Oakley J R, Lavery I C, Fazio V W, Jagelman D G, Weakley F L, Easley K
Dis Colon Rectum. 1985 Jun;28(6):394-6. doi: 10.1007/BF02560219.
In a retrospective review of 311 patients having subtotal colectomy for ulcerative colitis, information on the fate of the rectal stump was obtained in 288. Proctectomy was performed in 159 patients (55 percent); for persistent proctitis in 118 (41 percent), cancer prophylaxis in 37 (13 percent), and cancer in four (1.4 percent). One hundred twenty-two patients (42 percent) had ileorectal anastomoses. Eighty-four of these (69 percent) retained a functioning ileorectal anastomosis at the time of follow-up or death, one to 22 years later, and an additional six patients (5 percent) had a satisfactory ileorectal anastomosis for five to 14 years before proctectomy. Cancer developed in the rectal stump in nine patients (3.1 percent), underscoring the need for either proctectomy (total or mucosal) or long-term surveillance of the retained rectum. However, subtotal colectomy, by permitting ileorectal anastomosis or other sphincter-preserving surgery at a later date, does have a definite place in many patients requiring surgery for ulcerative colitis.

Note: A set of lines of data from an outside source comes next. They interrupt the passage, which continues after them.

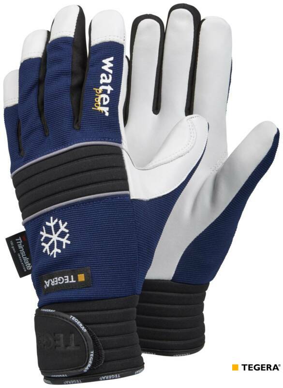 Lederhandschuh, Dick gefüttert, 0,7-0,8 mm, Vollnarben Ziegenleder, Neopren, Spandex, Thinsulate™ 100g, Cat. II, Blau, schwarz, weiß, Verstärkte Finger und Daumen, Wasserdicht, Klettverschluss, für allgemeine Arbeiten. EN 388:2003, 2111X EN 511:2006, 111
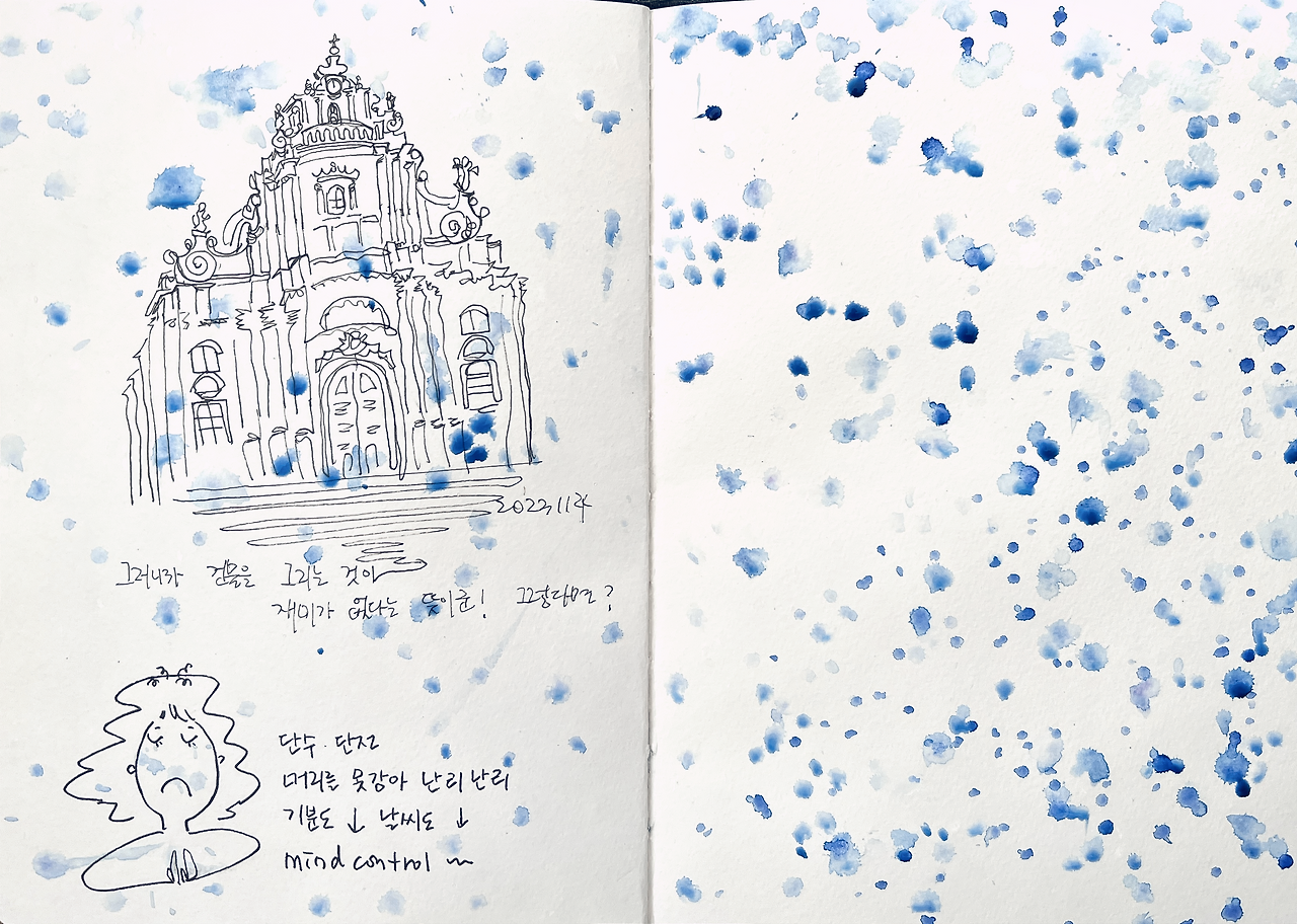 노트 위로 작은 빗방울이 토독토독 떨어졌다.
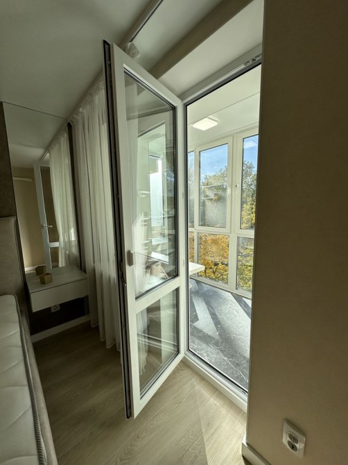 Квартира з новим дизайнерським євроремонтом, двостороння, не кутова, має два панорамні балкони.

在一项对311例因溃疡性结肠炎接受结肠次全切除术患者的回顾性研究中,获取了288例患者直肠残端的转归信息。159例患者(55%)接受了直肠切除术,其中118例(41%)是因为直肠炎持续存在,37例(13%)是为了预防癌症,4例(1.4%)是因为发生了癌症。122例患者(42%)进行了回肠直肠吻合术。其中84例(69%)在随访或死亡时(1至22年后)保留了功能良好的回肠直肠吻合口,另外6例患者(5%)在接受直肠切除术之前有5至14年的满意回肠直肠吻合口。9例患者(3.1%)直肠残端发生了癌症,这突出表明需要进行直肠切除术(全直肠或黏膜下直肠切除术)或对保留的直肠进行长期监测。然而,结肠次全切除术通过允许日后进行回肠直肠吻合术或其他保留括约肌的手术,在许多需要手术治疗溃疡性结肠炎的患者中确实有明确的地位。